10.21.2007

Making Strides Sunday

I'm not crazy about bugs and I really hate the thought of snakes, but the one thing that I am unbelievably afraid of is one day waking up with cancer. My Mom has worked in oncology for the past 25+ years and I have grown up hearing stories of her patients' "bone mets" and "positive nodes." To hear her speak about cancer is to hear of a veteran speak of war- it sounds nonchalant except when you realize that this nonchalance has grown from an OVERWHELMING amount of emotion and experience.

My Nana had breast cancer twice in her life and survived it both times and my great-aunt on my Dad's side recently went into remission from her breast cancer. Anyone who knows anything about breast cancer knows that having it on both sides of your family is NOT good news. This is a reality that I think about daily; sometimes it's on my long drives to work and other times it's when I pass a hospital and sometimes for no reason it's when I'm falling asleep at night. How long until I too join the statistics?

This morning my Mom and I walked in the American Cancer Society's walk-a-thon, a 5-mile jaunt through the gorgeous weather with about 9 billion other people. I was TOTALLY unprepared for the number of women wearing pink shirts with "Survivor" printed on the back. You hear about the numbers and you see the pink ribbons, but there, in the flesh, were thousands of women, marching down the trail, some in wigs, some whose hair has grown back, and some proud of their hairless tops. They had confronted the demon, my demon, and yet they marched, wrangled and tired, but victorious.

What struck me the most was to see how many different types of women were Survivors. Women of all races and all ages, some wearing crosses around their necks and some wrapped in religious scarves. And there they all were, glad to be alive. It was really impressive.
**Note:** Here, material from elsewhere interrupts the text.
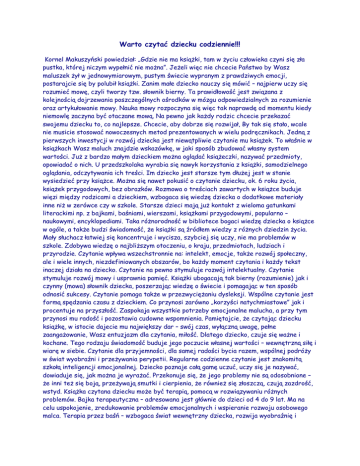 Warto czytać dziecku codziennie!!! Kornel Makuszyński powiedział: „Gdzie nie ma książki, tam w życiu człowieka czyni się zła pustka, której niczym wypełnić nie można”. Jeżeli więc nie chcecie Państwo by Wasz maluszek żył w jednowymiarowym, pustym świecie wypranym z prawdziwych emocji, postarajcie się by polubił książki. Zanim małe dziecko nauczy się mówić – najpierw uczy się rozumieć mowę, czyli tworzy tzw. słownik bierny. Ta prawidłowość jest związana z kolejnością dojrzewania poszczególnych ośrodków w mózgu odpowiedzialnych za rozumienie oraz artykułowanie mowy. Nauka mowy rozpoczyna się więc tak naprawdę od momentu kiedy niemowlę zaczyna być otaczane mową. Na pewno jak każdy rodzic chcecie przekazać swojemu dziecku to, co najlepsze. Chcecie, aby dobrze się rozwijał, By tak się stało, wcale nie musicie stosować nowoczesnych metod prezentowanych w wielu podręcznikach. Jedną z pierwszych inwestycji w rozwój dziecka jest niewątpliwie czytanie mu książek. To właśnie w książkach Wasz maluch znajdzie wskazówkę, w jaki sposób zbudować własny system wartości. Już z bardzo małym dzieckiem można oglądać książeczki, nazywać przedmioty, opowiadać o nich. U przedszkolaka wyrabia się nawyk korzystania z książki, samodzielnego oglądania, odczytywania ich treści. Im dziecko jest starsze tym dłużej jest w stanie wysiedzieć przy książce. Można się nawet pokusić o czytanie dziecku, ok. 6 roku życia, książek przygodowych, bez obrazków. Rozmowa o treściach zawartych w książce buduje więzi między rodzicami a dzieckiem, wzbogaca się wiedzę dziecka o dodatkowe materiały inne niż w zerówce czy w szkole. Starsze dzieci mają już kontakt z wieloma gatunkami literackimi np. z bajkami, baśniami, wierszami, książkami przygodowymi, popularno – naukowymi, encyklopediami. Taka różnorodność w bibliotece bogaci wiedzę dziecka o książce w ogóle, a także budzi świadomość, że książki są źródłem wiedzy z różnych dziedzin życia. Mały słuchacz łatwiej się koncentruje i wycisza, szybciej się uczy, nie ma problemów w szkole. Zdobywa wiedzę o najbliższym otoczeniu, o kraju, przedmiotach, ludziach i przyrodzie. Czytanie wpływa wszechstronnie na: intelekt, emocje, także rozwój społeczny, ale i wiele innych, niezdefiniowanych obszarów, bo każdy moment czytania i każdy tekst inaczej działa na dziecko. Czytanie na pewno stymuluje rozwój intelektualny. Czytanie stymuluje rozwój mowy i usprawnia pamięć. Książki ubogacają tak bierny (rozumienie) jak i czynny (mowa) słownik dziecka, poszerzając wiedzę o świecie i pomagając w ten sposób odnosić sukcesy. Czytanie pomaga także w przezwyciężaniu dysleksji. Wspólne czytanie jest formą spędzania czasu z dzieckiem. Co przynosi zarówno „korzyści natychmiastowe” jak i procentuje na przyszłość. Zaspokaja wszystkie potrzeby emocjonalne malucha, a przy tym przynosi mu radość i pozostawia cudowne wspomnienia. Pamiętajcie, że czytając dziecku książkę, w istocie dajecie mu największy dar – swój czas, wyłączną uwagę, pełne zaangażowanie, Wasz entuzjazm dla czytania, miłość. Dlatego dziecko, czuje się ważne i kochane. Tego rodzaju świadomość buduje jego poczucie własnej wartości – wewnętrzną siłę i wiarę w siebie. Czytanie dla przyjemności, dla samej radości bycia razem, wspólnej podróży w świat wyobraźni i przeżywania perypetii. Regularne codzienne czytanie jest znakomitą szkołą inteligencji emocjonalnej. Dziecko poznaje całą gamę uczuć, uczy się je nazywać, dowiaduje się, jak można je wyrażać. Przekonuje się, że jego problemy nie są odosobnione – że inni też się boją, przeżywają smutki i cierpienia, że również się złoszczą, czują zazdrość, wstyd. Książka czytana dziecku może być terapią, pomocą w rozwiązywaniu różnych problemów. Bajka terapeutyczna – adresowana jest głównie do dzieci od 4 do 9 lat. Ma na celu uspokojenie, zredukowanie problemów emocjonalnych i wspieranie rozwoju osobowego malca. Terapia przez baśń – wzbogaca świat wewnętrzny dziecka, rozwija wyobraźnię i fantazję, wyzwala emocje i wrażliwość, uczy współczucia, empatii oraz wyrażania uczuć. Baśnie mają zawsze szczęśliwe zakończenia, więc przynoszą radość, budzą nadzieję i optymizm. Dlatego czytając dzieciom na głos, dajemy im też strategię radzenia sobie z problemami. Współcześni zabiegani rodzice wolą dać dziecku smartfon, żeby się czymś zajęło, niż poświęcić trochę czasu na przeczytanie mu bajki. A to błąd, bo książki powinny być dla najmłodszych tak samo naturalne, jak bieganie czy zabawa – przekonują psycholog Agnieszka Carrasco-Żylicz i pisarka oraz dziennikarka Paulina Wilk - autorka bajki "Przygody misia Kazimierza", bajki dla dzieci i "niezupełnie dorosłych". W filmie czy grze komputerowej dziecko ma wszystko podane na tacy – nie musi wysilać się, by zrozumieć przekaz. Pozbawione prawdziwych emocji, powierzchownie odbierane dzieła audiowizualne nie są w stanie tak aktywnie wpływać na rozwój psychofizyczny małego człowieka, jak potrafi to zrobić odpowiednio dobrana literatura. Rozwój tak cenionych we współczesnym świecie cech, jak kreatywność, twórczość czy empatia, to tylko niektóre zalety wynikające z czytania książek. Czytanie bajek pozwala dziecku poznać zasady prawidłowej konstrukcji zdań, zaznajamia je z regułami ortografii, przyspiesza proces rozpoznawania liter oraz sprawia, że Wasz maluch lepiej będzie radził sobie w szkole. Dodatkowo, wieczorna lektura pozwala dziecku wyciszyć się i uspokoić. Reasumując pamiętajcie, że codzienne czytanie dziecku: wspomaga emocjonalny rozwój dziecka uczy wartości moralnych, pomaga w wychowaniu rozwija język, pamięć i wyobraźnię uczy myślenia, poprawia koncentrację wzmacnia poczucie własnej wartości dziecka uł

Along the way there were hundreds of volunteers cheering for the walkers, many of them college students from Manhattanville or Purchase. I noticed that quite a few of them seemed to be foreign students from Asia and I thought about what this must look like to someone from another culture, this huge mass of Americans marching through the streets in the name of a disease. It is something so unique to our culture and in that moment I was really proud to be part of the power that lies in belief and the unwillingness to accept 'no.'

"Rock on, you motivated Americans," I thought to myself.

Because surely we can find a way.

1 comment:

Kid Wonder said...

cancer can be so difficult to even acknowledge let alone deal with. I actually know a guy that works for Ronald McDonald house helping the kids and planning trips for them and their families. He always brings pictures of the kids he works with and sometimes he tells me about one of them passing away and I just stare at him in amazement. I honestly don't know how he can continually deal with something like that.

As for you, I wanna say, stop worrying. I know that's hard to do and easy to say but I say it any way. There are just some things out of our control. being expectant of anything, good or bad, does not help your peace of mind and I hope that you never have to go through that.